Staying livable: Fight sprawl by keeping growth in urban centers
My favorite part of every return flight home is when the plane passes high over the shoulder of Mount Rainier. Far below unfolds a landscape of forests, river valleys, lakes, cities, towns and farms. At its center lies Puget Sound, a shimmering inland sea, artery of life, highway of commerce and namesake of this region.
Over 3 million people live here, yet this region also provides habitat for eagle, bear, orca and salmon. Who can crest the Cascades, look down from 30,000 feet, and not feel relieved and proud to have arrived home to this region, arguably the nation's most livable? What makes this place so attractive and "livable"? High on the list are outdoor recreation and nature close at hand. Some would credit a regional ethic that welcomes new people and new ideas, learns from the experiences of other places, and rewards innovation in business, academia and the arts. Still others would point to the wide variety of living and employment choices available in the diverse communities scattered across the region.
Essential to "livability" is the ability to economically sustain citizens. Yet, if ongoing state and regional economic-development efforts bear fruit, how can we preserve the other dimensions of this region's livability? What key actions must we take in order to maintain livable communities within a sustainable landscape?
The framework for answering these questions is Washington's Growth Management Act (GMA), adopted in 1990. This law is a rarity among states, because it obliges cities and counties to adopt comprehensive land-use plans with teeth, effective development regulations and growth-focused capital budgets.
Consistent with the need for economic vitality, it requires local plans to accommodate forecasted growth.
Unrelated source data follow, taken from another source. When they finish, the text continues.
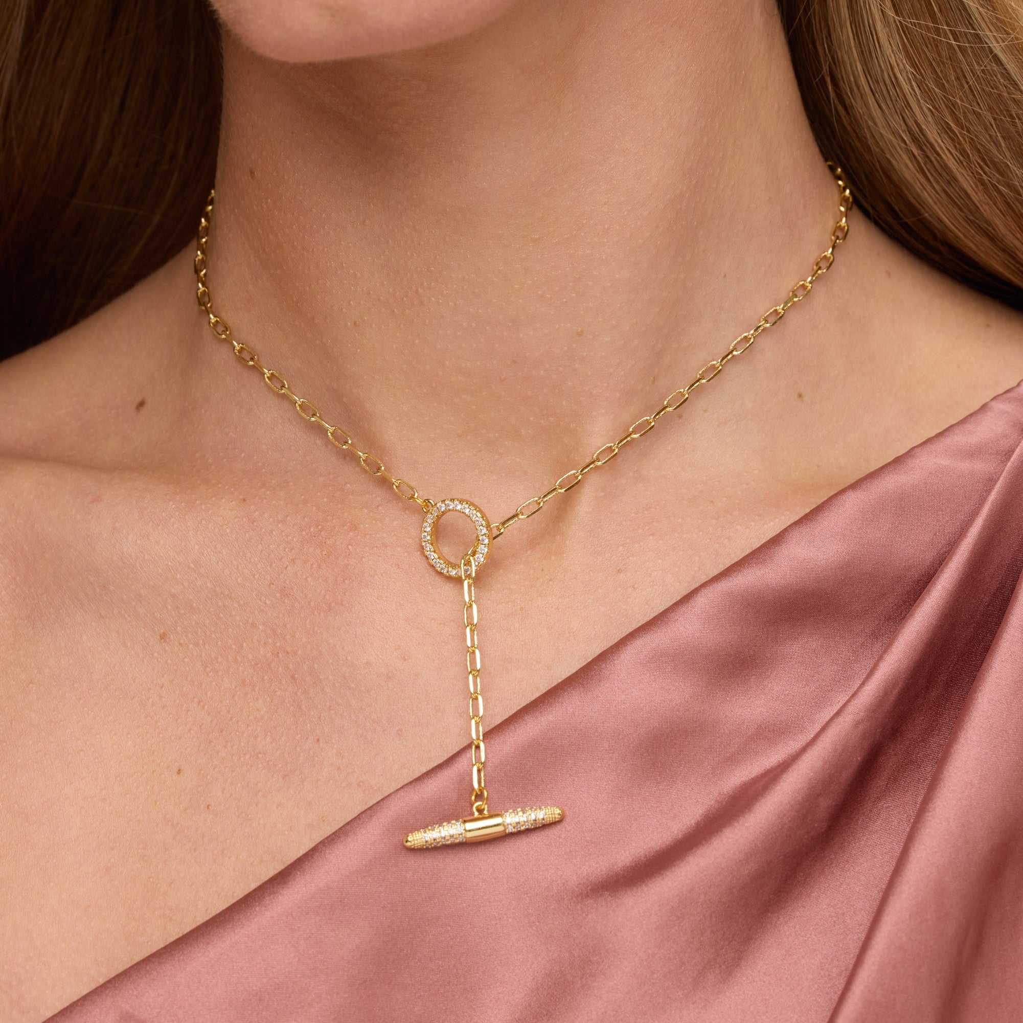 14kt Gold-Plated Over Brass. Measures 16" Long with genuine CZ toggle.
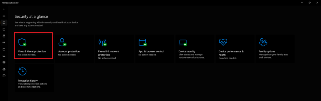 2.Klik påVirus- og trusselsbeskyttelse.
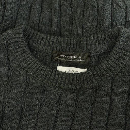 ナノユニバース nano universe SILK BLENDシルクブレンドケーブル編みクルーネックニット セーター 長袖 M グレー /MY ■OS メンズ
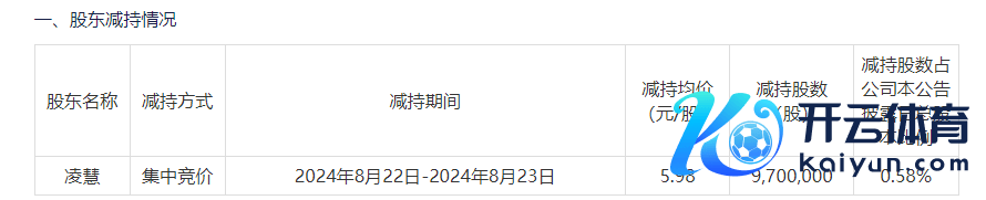 证据创世纪历史公告,凌慧原捏有公司3390.94万股,占那时公司股份总和的2.04%(剔除已回购股份数后),2024年8月22日—8月23日,凌慧以鸠合竞价面孔减捏970万股股票,减捏均价5.98元/股,减捏后捏股比例为1.45%。
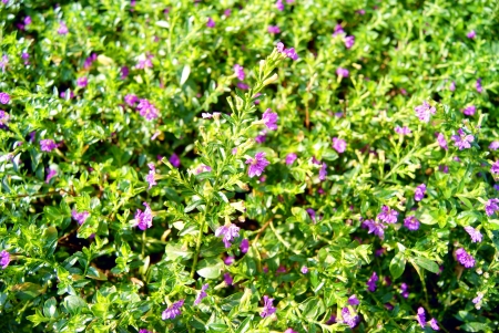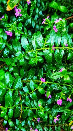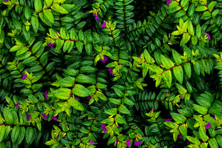 Dense green foliage with small vibrant purple flowers, captured in natural daylight. Perfect for use as a botanical background or eco-friendly nature-themed design.
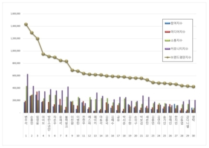 임영웅 브랜드는 참여지수 294,682 미디어지수 343,734 소통지수 206,468 커뮤니티지수 354,401이 되면서 브랜드평판지수 1,199,285로 분석됐다.
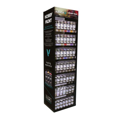 Vallejo - Model Color - Hobby Range - 80 colors in 18 ml bottles. Countertop Metallic Display, contains model colour. Width: 67cm Depth: 23cm Height: 70cm.For a complete list of products available on Vallejo racks please click here.
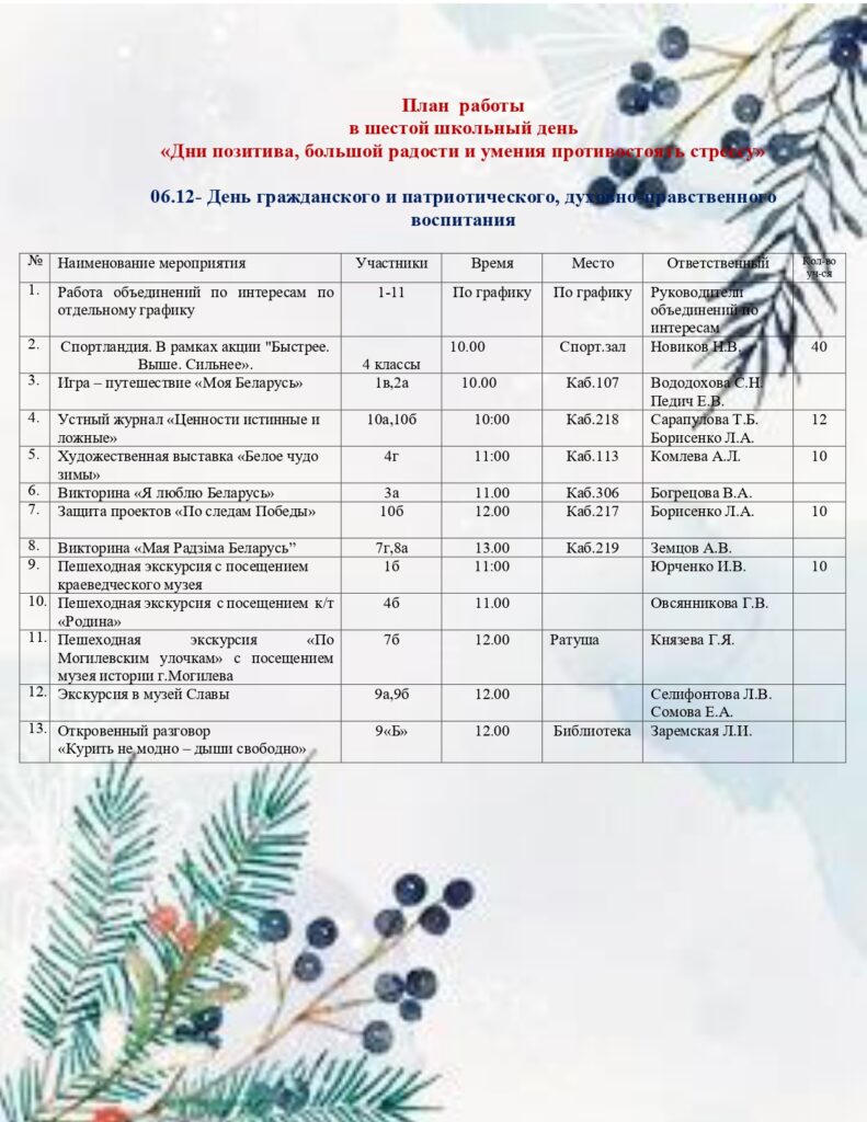 Система работы школы в шестой день предлагает широкий спектр форм организации досуга и творчества, соответствующих Концепции и Программе воспитания детей и молодежи в Республике Беларусь.

Significantly, however, it also mandates that environmentally critical areas (such as wetlands and related hydrological systems) be protected and that agricultural and forest resource lands be conserved.
Why did the Legislature adopt GMA in the first place? Before 1990, there was no legislative mandate to use land efficiently. Many cities indulged in strip commercial development and large-lot zoning and underinvested in infrastructure. Counties permitted this pattern to leapfrog into the countryside, effectively "suburbanizing" much of the rural area and eroding the viability of nearby agriculture and forestry uses.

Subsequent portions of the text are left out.